Publication

Article

Cardiology Review® Online

October 2008
Volume25
Issue 10

Western medicine and Eastern practices: Insights from the First World Congress on Clinical, Preventive, and Geriatric Cardiology

The First World Congress on Clinical, Preventive, and Geriatric Cardiology (WCCPGC) took place from September 19 to 21 near New Delhi, India, at the Om Shanti Retreat Center in Gurgaon. This center is a spiritual oasis of the Brahma Kumaris, who practice Raja yoga meditation as a means of integrating their spiritual identity with social and physical realities to achieve a healthy balance between their inner and outer worlds. During the Congress, the spiritual ambience of this oasis converged perfectly with cardiovascular science, paying tribute to the ancient wisdom of using both science and spirituality to manage cardiovascular ailments.

Drs H.K. Chopra, Satish Parashar, and Navin C. Nanda presided over the meeting, at which many other AACIO members were present. Approximately 1400 delegates and 25 international faculty members attended, including cardiologists from the United States, Bangladesh, Sri Lanka, and Nepal. His Excellency, Dr Abdul Kalam Azad, the former President of India, inaugurated the WCCPGC and presented data from the “Healthy and Happy Lifestyle Program for Coronary Artery Disease (CAD) Regression.” This study, which was organized by the Global Hospital Research Center, Mount Abu, India, and the Defense Research and Development Organization, New Delhi, India, has shown profound benefits with proper diet, exercise, practice of spirituality, and Raja yoga meditation on cardiovascular health.

During the WCCPGC, stalwarts in cardiology from India and abroad undertook brainstorming sessions to create guidelines for preventive strategies and programs to eradicate myocardial infarction (MI). Many scientific sessions were held, covering everything from metabolic syndrome to absolute ethyl alcohol ablation for hypertrophic cardiomyopathy. Dr Nanda, who served as the International President of the Congress, made a plea to attendees to practice medicine combining Western techniques and its technological advances, with Eastern techniques practiced in India and China, such as Raja yoga. He emphasized the importance of treating patients as whole beings and not just focusing on their ailing body parts. He also pointed out that all the risk factors in a given patient should be adequately treated as the risk multiplies severalfold when more than 1 risk factor is present.

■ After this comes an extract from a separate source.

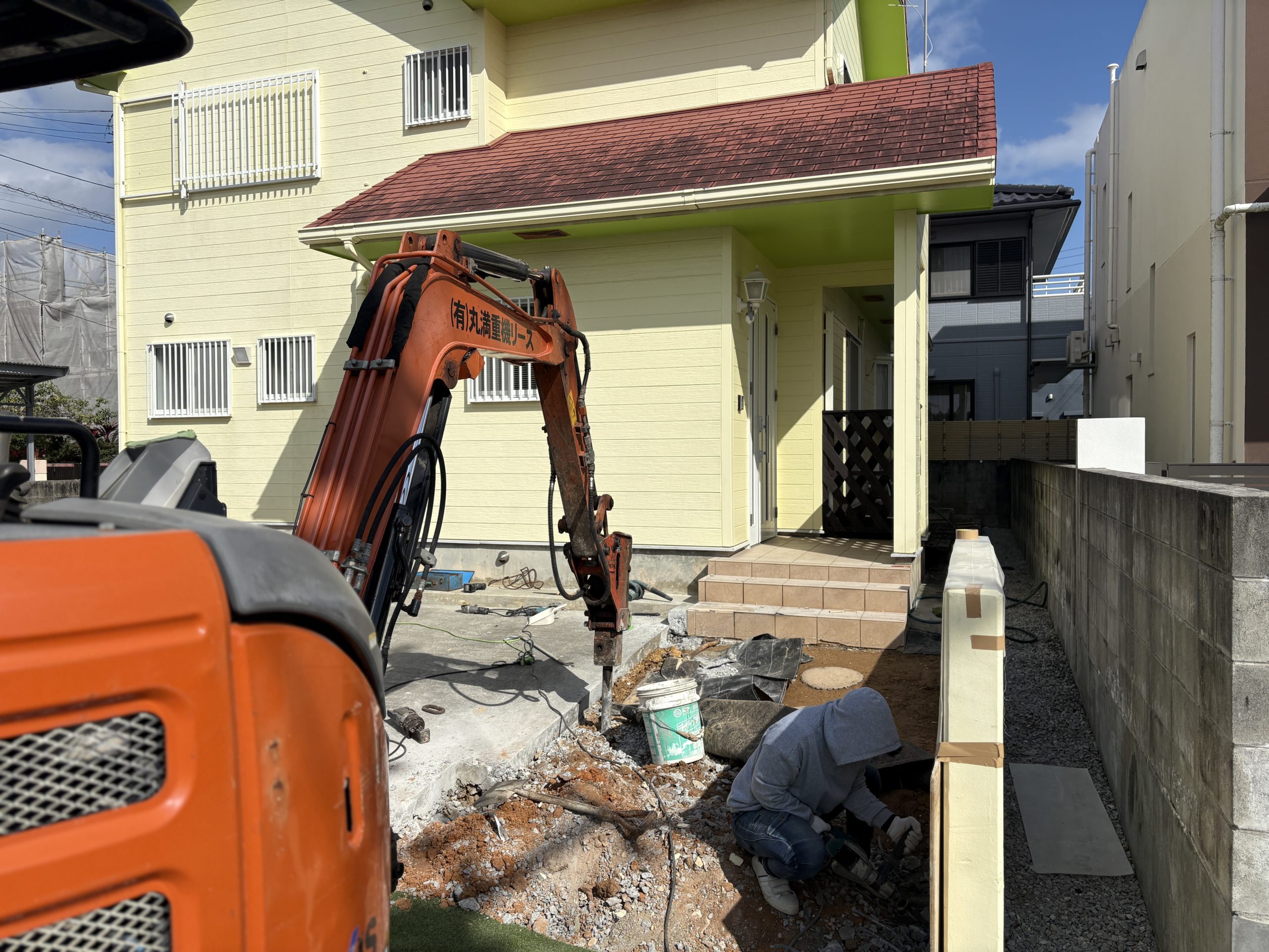 今回の工事は門扉やポーチの下に電気配線や水道配管がなかったのと、植栽もなかったため、工事がスムーズに進み

Several awards were given during the event by His Excellency, Dr Azad, and Dr Nanda received 2 of these: the “Father of Echocardiography,” for his tremendous contribution in developing and teaching echocardiography, and a “Lifetime Achievement Award,” for his contribution to the field of cardiology. Over the years, Dr Nanda has provided many important insights on how cardiovascular diseases uniquely affect Asian Indians. He uncovered an increased prevalence of MI in young adults in India and was one of the first to recognize a relationship between diabetes mellitus and MI. This pioneering work was done when he was still a medical resident in India and was praised as the “first thorough study” of an Asiatic population in an editorial in the New England Journal of Medicine.1,2 In the 1990s, Dr Nanda was an investigator in a study that examined increased platelet activation and fibrinogen in Asian Indians; the study taught us that this population has many nontraditional risk factors.3 Another study in which he participated found an increased prevalence of smaller and denser low-density lipoprotein particles in Asian Indians living in the United States, increasing our understanding of CAD in this particular group of immigrants.4 In 2004, Dr Nanda was involved in the first survey of Asian Indians in the United States, which found a high prevalence of stroke, diabetes, and associated risk factors in this population.5,6

Overall, the WCCPGC was a success. Forty participants petitioned Drs Nanda and Chopra to form an international alliance for prevention of cardiovascular diseases in India and South Asia. Attendees also had the opportunity to meet with the current President of India, Her Excellency, Pratibha Patil. While entertaining selected faculty at the Presidential Palace, she promised to implement the preventive measures for cardiovascular disease that were outlined at the WCCPGC.